We received 958 votes from readers in 67 countries. A little over half (55%) of all voters recommended PSA screening for the man in our clinical vignette — a split that revealed the lack of clinical consensus surrounding this important issue. North American voters preferred to screen with PSA testing: 59% of 489 voters from the United States and 67% of 46 Canadians voted in favor of PSA screening. European voters were less enthusiastic, with only 47% of 217 voters in favor of PSA screening.

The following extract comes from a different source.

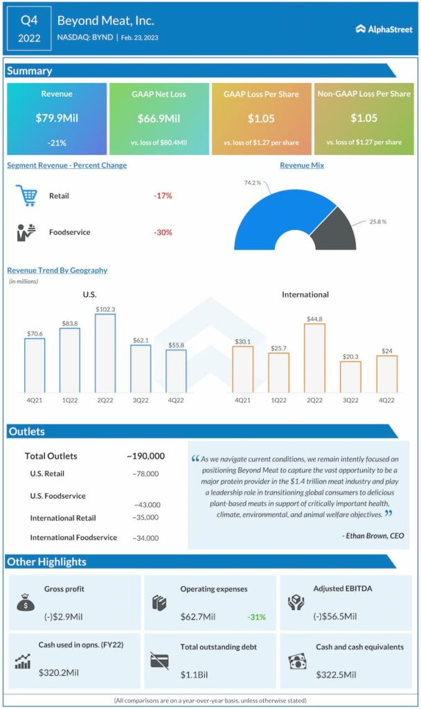 XTB: Die Aktie von Beyond Meat (BYND.US) stieg am Freitag um mehr als 15%, nachdem der Hersteller von pflanzlichen Fleischersatzprodukten im vierten Quartal einen geringer als erwarteten Verlust auswies, obwohl der Umsatz im Vergleich zum Vorjahr um mehr als 20% zurückging. Das Unternehmen prognostizierte außerdem solide Umsatzsteigerungen für das kommende Jahr. Beyond Meat verzeichnete laut FactSet…

We also received 91 comments, with 71% of the comments written in favor of PSA screening — a much higher percentage than that in the voting alone. A large number of comments stressed the importance of informed and shared decision making between the patient and his physician. Many physicians believe strongly that the best way to approach PSA screening is to have a detailed discussion with the patient about screening options and treatment options, including the possibility of not treating a low-grade tumor (i.e., watchful waiting). In agreeing to screening, a patient must realize that he is also agreeing to the possibility that a prostate biopsy will be performed if the PSA value is elevated. Depending on the results of the biopsy, the patient may be advised to undergo surgery or radiation treatment — with potential adverse effects, including erectile dysfunction and incontinence.

A large number of respondents remarked that they recommended PSA screening on the basis of personal experience with elevated PSA levels that led to life saving treatment. Other respondents believed that data from the European Randomized Study of Screening for Prostate Cancer2 provide compelling evidence that PSA screening saves lives. Finally, a number of comments touched on patients' fears with regard to cancer diagnosis, and some clinicians were of the opinion that measuring the PSA level can reassure a patient that his physician is actively performing surveillance.

The comments against PSA screening focused on widespread overdiagnosis and overtreatment of an often indolent disease that is life-threatening in only a minority of patients. Some comments highlighted the side effects produced by these treatments, including erectile dysfunction and incontinence. Finally, we received comments that cited conflicting data from prostate-cancer screening trials as evidence that PSA screening does not have a meaningful effect on mortality.

These polling results and comments reflect a lack of consensus within the medical field on the best approach to prostate-cancer screening. Future research may help settle this polarizing debate, but as clinicians we should be grateful for recent contributions from high-quality studies — even if the results are not all coincident. In the meantime, physicians should maintain an informed, sensitive balance in counseling patients regarding the decision whether to pursue PSA testing.